This is a bit tricky. You can't always get logarithmically spaced numbers. As in your example, first part is rather linear. If you are OK with that, I have a solution. But for the solution, you should understand why you have duplicates.
Logarithmic scale satisfies the condition:
s[n+1]/s[n] = constant
Let's call this constant r for ratio. For n of these numbers between range 1...size, you'll get:
1, r, r**2, r**3, ..., r**(n-1)=size
So this gives you:
r = size ** (1/(n-1))
In your case, n=100 and size=10000, r will be ~1.0974987654930561, which means, if you start with 1, your next number will be 1.0974987654930561 which is then rounded to 1 again. Thus your duplicates. This issue is present for small numbers. After a sufficiently large number, multiplying with ratio will result in a different rounded integer.
Keeping this in mind, your best bet is to add consecutive integers up to a certain point so that this multiplication with the ratio is no longer an issue. Then you can continue with the logarithmic scaling. The following function does that:
import numpy as np
def gen_log_space(limit, n):
result = [1]
if n>1: # just a check to avoid ZeroDivisionError
ratio = (float(limit)/result[-1]) ** (1.0/(n-len(result)))
while len(result)<n:
next_value = result[-1]*ratio
if next_value - result[-1] >= 1:
# safe zone. next_value will be a different integer
result.append(next_value)
else:
# problem! same integer. we need to find next_value by artificially incrementing previous value
result.append(result[-1]+1)
# recalculate the ratio so that the remaining values will scale correctly
ratio = (float(limit)/result[-1]) ** (1.0/(n-len(result)))
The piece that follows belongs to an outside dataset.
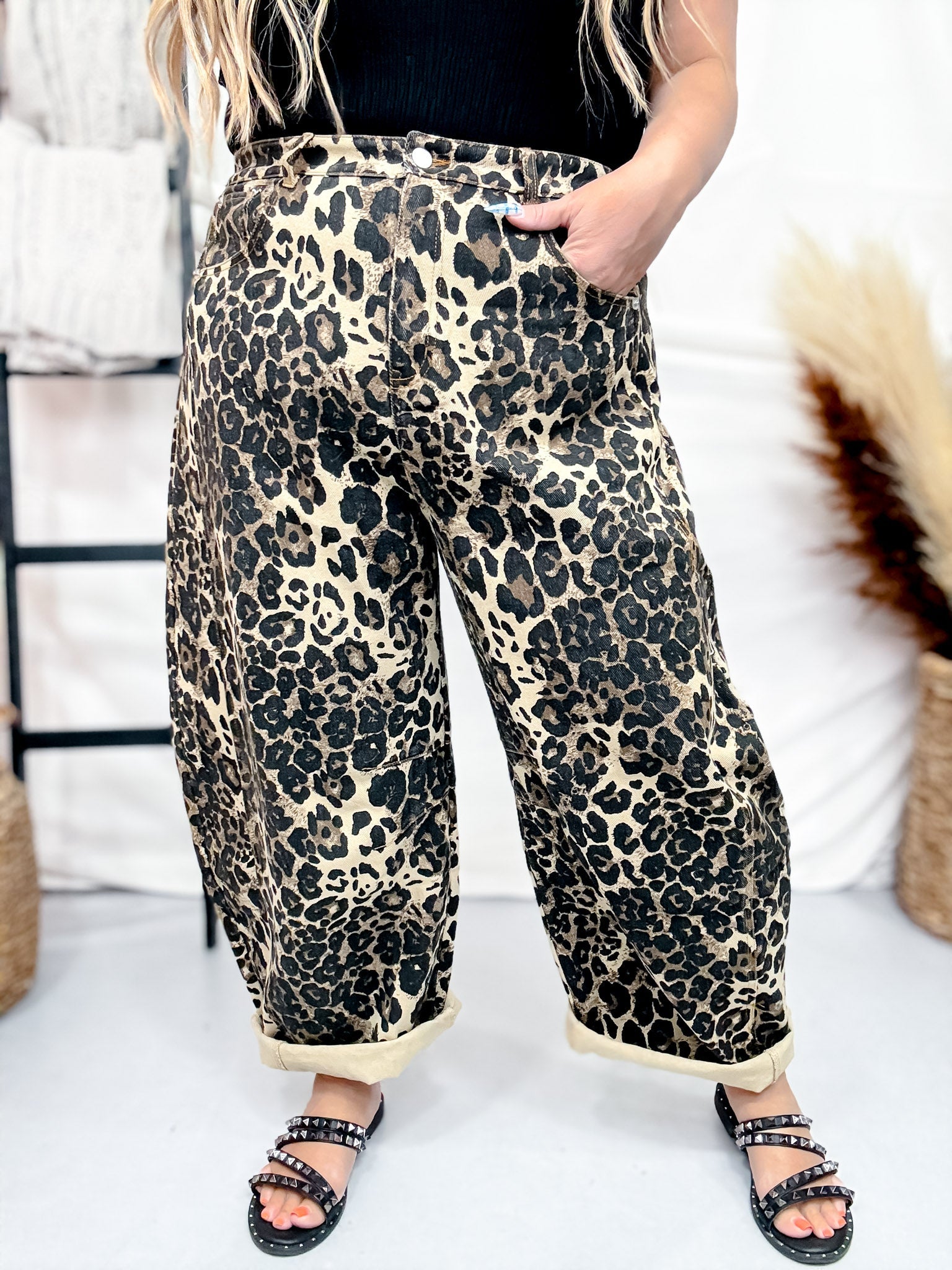 Get ready to make a statement with these bold washed leopard printed jeans. Designed for those who want to embrace their inner wild side, these jeans are a must-have addition to any wardrobe. Dress them up or down for any occasion and stand out from the crowd with these fierce and daring jeans. Don't wait too long, get your hands on these one-of-a-kind pieces before they're gone!

# round, re-adjust to 0 indexing (i.e. minus 1) and return np.uint64 array
return np.array(list(map(lambda x: round(x)-1, result)), dtype=np.uint64)
Python 3 update: Last line used to be return np.array(map(lambda x: round(x)-1, result), dtype=np.uint64) in Python 2
Here are some examples using it:
In [157]: x = gen_log_space(10000, 100)
In [158]: x.size
Out[158]: 100
In [159]: len(set(x))
Out[159]: 100
In [160]: y = gen_log_space(2000, 50)
In [161]: y.size
Out[161]: 50
In [162]: len(set(y))
Out[162]: 50
In [163]: y
Out[163]:
array([ 0, 1, 2, 3, 4, 5, 6, 7, 8, 9, 11,
13, 14, 17, 19, 22, 25, 29, 33, 38, 43, 49,
56, 65, 74, 84, 96, 110, 125, 143, 164, 187, 213,
243, 277, 316, 361, 412, 470, 536, 612, 698, 796, 908,
1035, 1181, 1347, 1537, 1753, 1999], dtype=uint64)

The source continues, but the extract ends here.